Directions for this task = Write exactly the lines running from the start of the material below to the line that includes "Separadamente, notamos que", and include no pictures.

Dataset section =
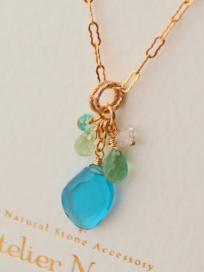 Swiss blue topaz, green kyanite, prehnite, double-point quartz, apatite
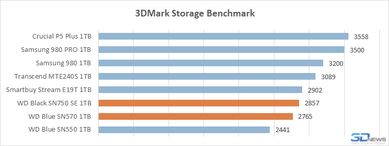 Separadamente, notamos que o WD Black SN750 SE aquece mais fraco em comparação não apenas com o WD Blue SN570, mas também com unidades de referência baseadas no mesmo controlador Phison PS5019-E19T. Ou seja, os engenheiros da Western Digital conseguiram otimizar não apenas o desempenho, mas também a eficiência energética dessa plataforma.
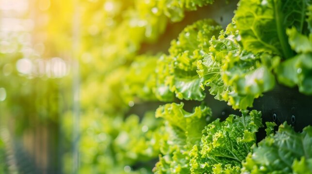 Closeup of a vertical hydroponic tower filled with rows of vibrant green lettuce plants growing without soil. .
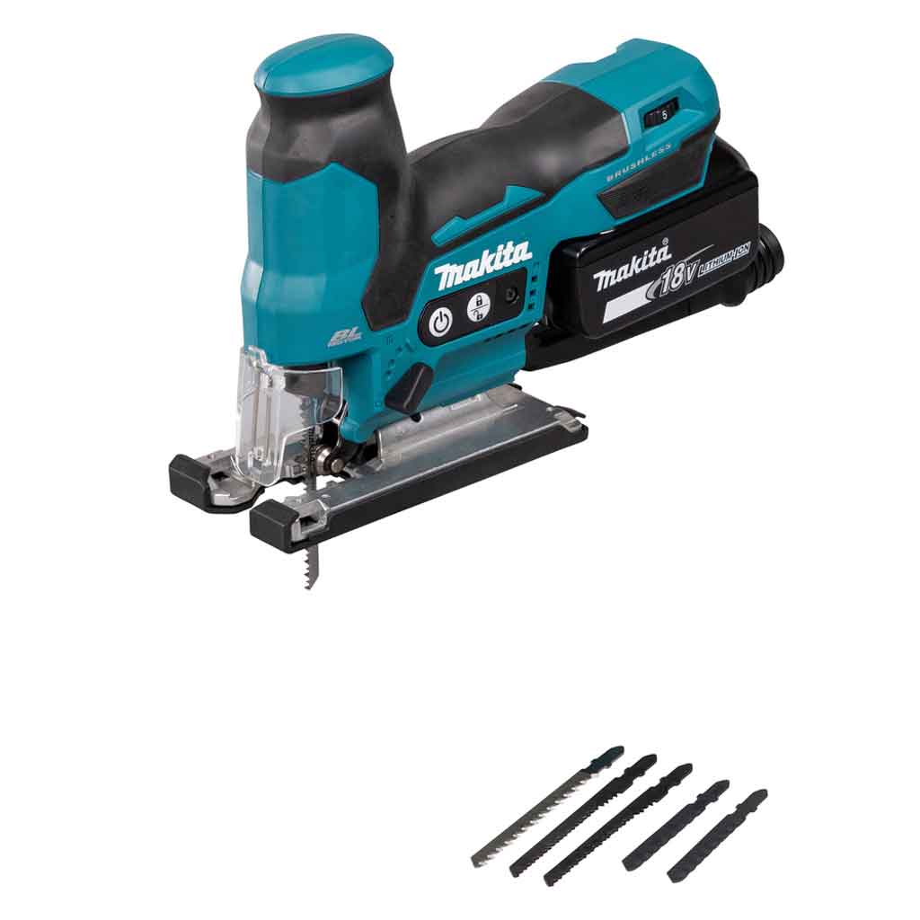 Makita DJV185RTJ include due batterie da 5,0Ah BL1850B, caricabatterie DC18RC, manicotto per aspirazione, protezione per base, protezione per schegge, 3 lame, chiavi di servizio, preformato e valigia Makpac tipo 3.

Answer area =
 Swiss blue topaz, green kyanite, prehnite, double-point quartz, apatite
 Separadamente, notamos que o WD Black SN750 SE aquece mais fraco em comparação não apenas com o WD Blue SN570, mas também com unidades de referência baseadas no mesmo controlador Phison PS5019-E19T. Ou seja, os engenheiros da Western Digital conseguiram otimizar não apenas o desempenho, mas também a eficiência energética dessa plataforma.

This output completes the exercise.